Single by Kathy Sledge

from the album Heart
- Released: 1992
- Genre: Dance
- Length: 3:55
- Label: Epic
- Songwriter(s): Kenny Harris; Mark Holden;
- Producer(s): Charles Farrar; Troy Taylor;

Kathy Sledge singles chronology
|  | "Take Me Back to Love Again" (1992) | "Heart" (1992) |

Music video
- "Take Me Back to Love Again" on YouTube

= Take Me Back to Love Again =

"Take Me Back to Love Again" is a song by American singer-songwriter Kathy Sledge. It was written by Kenny Harris and Mark Holden, and was released in 1992 by Epic Records as the first single from Sledge's first solo album, Heart (1992). The producers were Charles Farrar and Troy Taylor. The single went to number-one on the US Billboard dance chart for one week. It did not make the Billboard Hot 100, but went to number 24 on the Billboard soul singles chart. In Europe, it peaked at number 62 on the UK Singles Chart, number 12 on the UK Dance Singles chart and number five on the UK Club Chart.

==Critical reception==
Craig Lytle from AllMusic noted that the song "has a progressive rhythm with flashbacks of disco". Larry Flick from Billboard magazine wrote, "This festive, garage-vibed houser benefits from the maturing remix hand of Roger S., who takes it through six strong variations." He added, "Of course, the real reason to check this jam out is Sledge's instantly recognizable voice, which sounds as powerful as it did on classics like 'We Are Family'."
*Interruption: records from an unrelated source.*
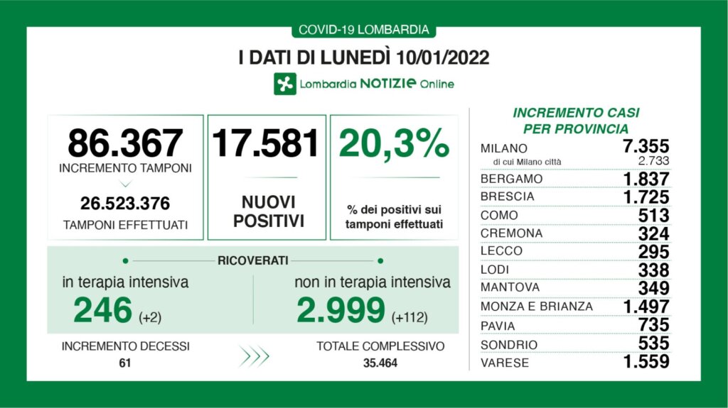 – i nuovi casi positivi: 17.581
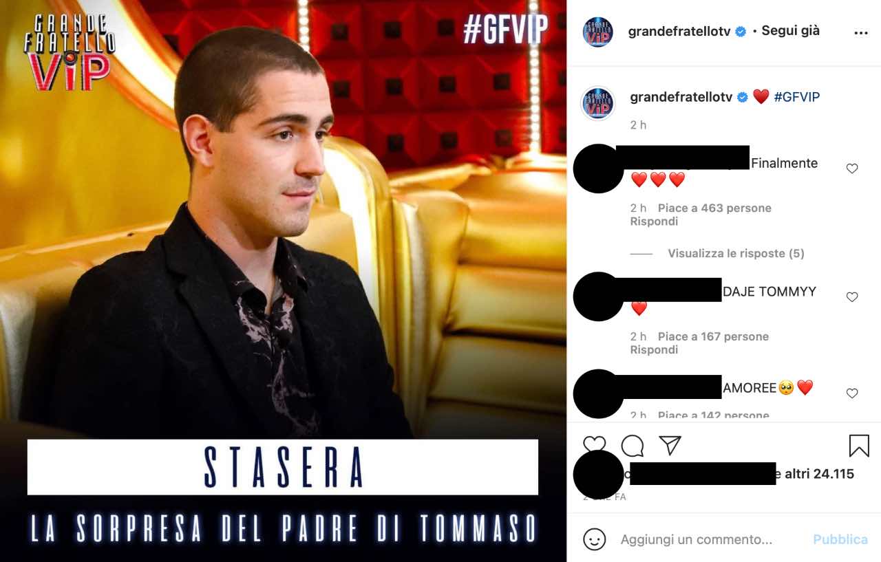 Qualche ora fa, sulla pagina Instagram del ‘Grande Fratello Vip‘ è apparso uno scatto che ritrae proprio Zorzi e in sovrimpressione una scritta che rivela che questa sera il noto influencer incontrerà suo padre.
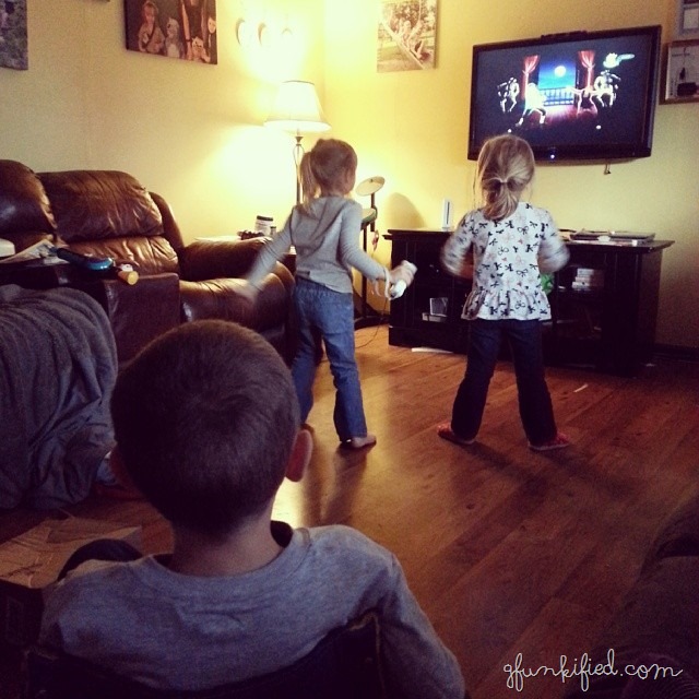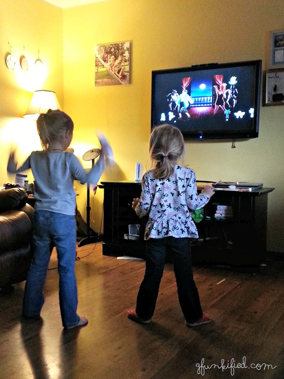 We set up the Wii in the living room (which we hadn’t used in several months…at least) and put in Just Dance Kids 2014. I was expecting some boring, little kid songs and a few old disco songs or something. But we started it up and Could. Not. Stop. Dancing. I literally had to peel myself away from the game so I could cook (and not burn) our supper. The potatoes barely came out edible, but they did, thank goodness.

John Martinucci from the Gavin Report said, "I find my ears gravitating toward the LP edit because it presents her soft-smooth vocals in a Jazz/Fusion setting. Check it out." Andy Beevers from Music Week commented, "Kathy Sledge of Sister Sledge fame has returned with a bang up-to-date single, the classy Roger Sanchez mixed 'Take Me Back to Love'. Import copies have already been filling garage-orientated dancefloors and the track is now getting a UK release."

==Impact and legacy==
In 1995, British DJ Sister Bliss selected it as one of "the tracks that mean most to her", saying, "This is a bit of a handbag one – a big Northern tune. It has a tinkly piano – the piano riff is one of the nicest things about it. It's an unpretentious little tune Jon Pleased Wimmin used to play it all the time – it brings back memories of the Bar Industria at four in the morning and putting my hands in the air. It's infectious happy."

==Track listing==
- 7" single, UK (1992)
1. "Take Me Back to Love Again" (Radio Remix) – 3:55
2. "Take Me Back to Love Again" (Album Version) – 3:59

- 12", US (1992)
3. "Take Me Back to Love Again" (Shelter Me Mix) – 6:48
4. "Take Me Back to Love Again" (Soundshaft Mix) – 6:15
5. "Take Me Back to Love Again" (Soundshaft Beats) – 3:00
6. "Take Me Back to Love Again" (Roger's Favorite Mix) – 5:30
7. "Take Me Back to Love Again" (Preston's Piano Mix) – 5:32
8. "Take Me Back to Love Again" (Raw Mix) – 5:00

- CD maxi, UK (1992)
9. "Take Me Back to Love Again" (7" Version) – 3:55
10. "Take Me Back to Love Again" (Back To Romance) – 5:00
11. "Take Me Back to Love Again" (12" Remix) – 5:15
12. "Take Me Back to Love Again" (Instrumental) – 4:00
13. "Take Me Back to Love Again" (Album Version) – 3:59

==Charts==

| Chart (1992) | Peak position |
|---|---|
| UK Singles (OCC) | 62 |
| UK Dance (Music Week) | 12 |
| UK Club Chart (Music Week) | 5 |
| US Hot Dance Club Play (Billboard) | 1 |
| US Hot R&B/Hip-Hop Songs (Billboard) | 24 |

==See also==
- List of number-one dance singles of 1992 (U.S.)